The high street has to change

by M&C editor Mark Stretton The pressure from Whitehall and the media for the industry to stop flogging cheap drink and stem alcohol-fuelled...

by M&C editor Mark Stretton

The pressure from Whitehall and the media for the industry to stop flogging cheap drink and stem alcohol-fuelled disorder has intensified with the advent of new liquor laws. Everyone has an opinion, and in an age where there is always someone to blame, the accusatory finger is pointing squarely at the on-trade. Whether the industry is to blame or not doesn't matter. Perception is more important than reality ­ and the perception is town-centre bar operators are getting fat on the land of excessive drinking.

This stems in part from over-supply. Trading on the high street has been pretty ugly for almost three years. This intense competition has driven drink prices downwards. At the same time, as companies busied themselves trying to keep sales lines moving forward, as any competent retailer should, the 18 to 25-year-old consumer was running around drinking circuits, like a kid in a sweet shop, feasting on a wall of cheap booze.

A certain proportion of the public have always revelled in drink, and drunkenness, but now there is a greater concentration of people in one area. So, if you want to see boorish behaviour, you know where to look. And it feels like organised boozing.

Essentially, there are two problems for operators on the high street ­ one social, one economic. Unfortunately, and this is the rub, sorting out one will exacerbate the other. And that begs a question ­ do companies really have the will to embrace policies designed to curb excessive drinking and disorder when the consequences could be greatly reduced profits? Costs are spiralling through a plethora of regulations to which can now be added new licensing laws. Licensing costs for town-centre pubs are likely to be 10 to 12 times that of small bottom-end community pubs, although it could be argued that the cost is entirely relative. But there is also the threat of a police levy through Alcohol Disorder Zones.

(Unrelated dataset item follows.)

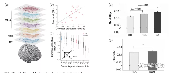 (2)神经精神障碍:在神经精神疾病中,精神分裂症由于其庞大的人口发病率,无疑是研究最多的疾病之一。典型的临床症状包括幻觉、情绪迟钝、言语和思想混乱。在大的空间尺度上,低频和高频神经元振荡,以及它们的相互作用,已被广泛记录为精神分裂症神经病理学的核心特征。De Domenico、Sasai和Arenas(2016)使用多重方法首次从静息态fMRI衍生的多频率网络中提供了精神分裂症拓扑变化的综合表征。他们评估了多重PageRank中心性,并显示了大脑最重要的多频率中枢的大量重组,包括楔前叶皮层,这是大脑基本生理组织的关键区域。在调查时间功能磁共振成像网络时,Braun等人(2016)表明,与健康受试者相比,精神分裂症患者在工作记忆任务中表现出多重网络灵活性的增加,工作记忆任务通常用于评估认知缺陷的神经基础[图13(a)]。Braun等人在实验上阻断另一组健康受试者的谷氨酸敏感突触受体(NMDA受体)时,能够重现同样的超灵活性[图13(b)]。总的来说,这些发现首次表明,精神分裂症患者的微尺度兴奋-抑制失衡实际上可能转化为时间不稳定的、可能解体的大规模大脑重组。

Something has to give on the high street.

There are two 500lb gorillas in the shape of JD Wetherspoon and M&B who seem to be battling for high-street business, purely on price. When Yates Group announced a minimum price on a bottle of beer of £1.25 ­ not exactly prohibitive to the consumer ­ M&B dropped prices for the same products in some sites to £1.19. Coincidence? I don't think so. It saw a statement of responsibility from a rival as a business opportunity.

So what does everyone else do? Companies cannot raise prices ­ if volumes collapse, highly-geared businesses quickly becomes loss-making ones. Companies, it seems, are walking a tightrope between staying competitive and being responsible.

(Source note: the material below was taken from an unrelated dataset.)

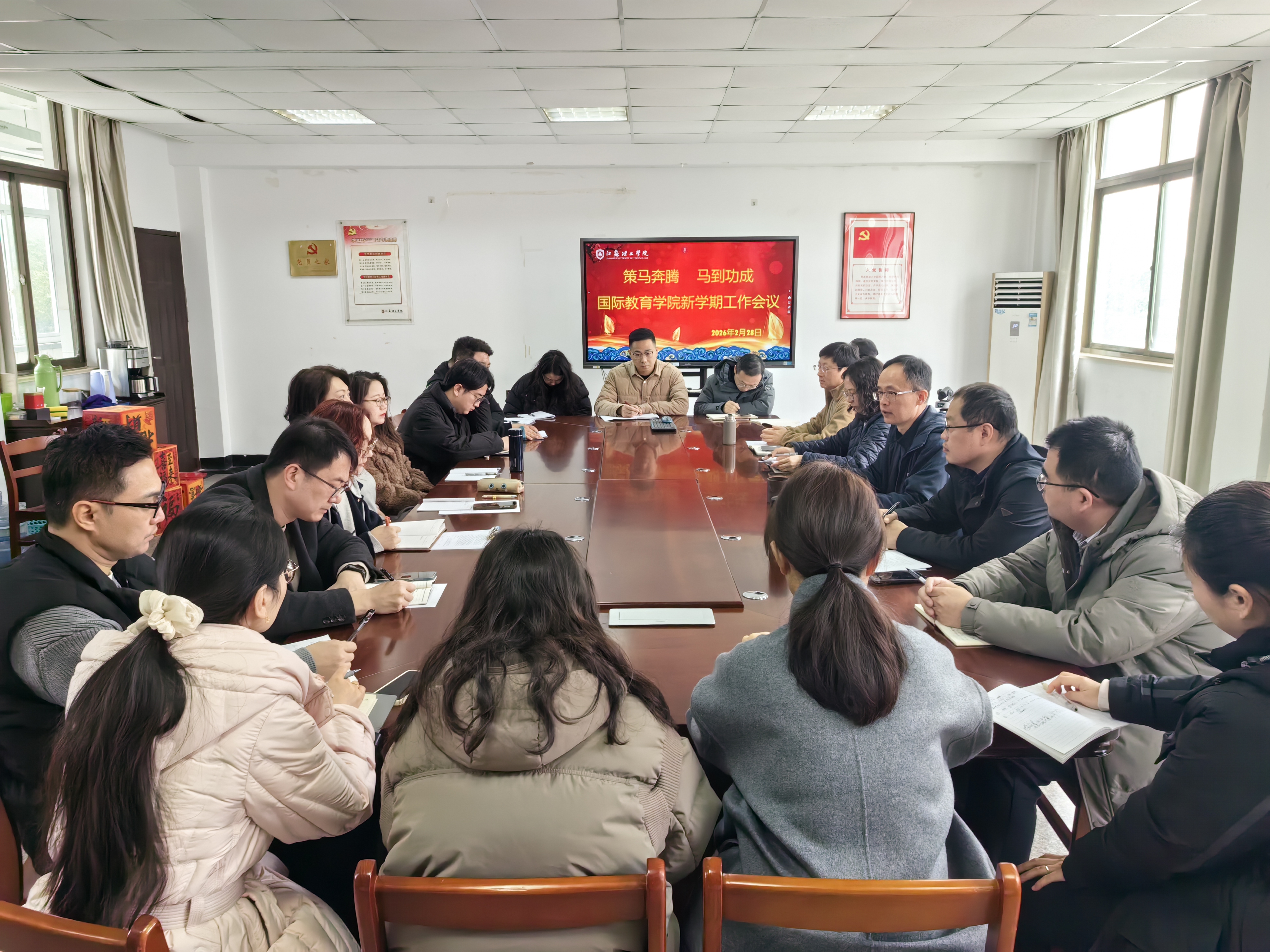 为确保新学期各项工作有序高效推进,2月28日下午,国际教育学院、国际合作与交流处在国教楼201会议室召开全体教职工大会,总结部门2025年及寒假期间工作,安排部署新学期工作任务,会议由党委书记吴玉峰主持。

All promotions that encourage speed drinking must go. As long as a price for one unit is the same as it is for 10 ­ and the worst excesses such as inclusive promotions are consigned to the history books ­ the industry can probably argue its corner.

Voluntary action may also strengthen the industry's position. However unpalatable, it will show that the trade is serious about being responsible. Maybe companies that operate in town centres should think about a contribution to policing? Perhaps all operators should make it clear that none will apply for extensions beyond an extra hour or two? They might also want to consider funding some research into town-centre trouble to measure the reality of the situation. The danger is that when licensing reform kicks in, drink-fuelled crime in town centres will not dissipate. We really do not want that.

PS: One thing is guaranteed. A fragmented industry with rising costs and shrinking profit margins screams consolidation. SFI is up for sale. Barracuda, Inventive Leisure or Regent Inns could be the next to go. More deals are coming.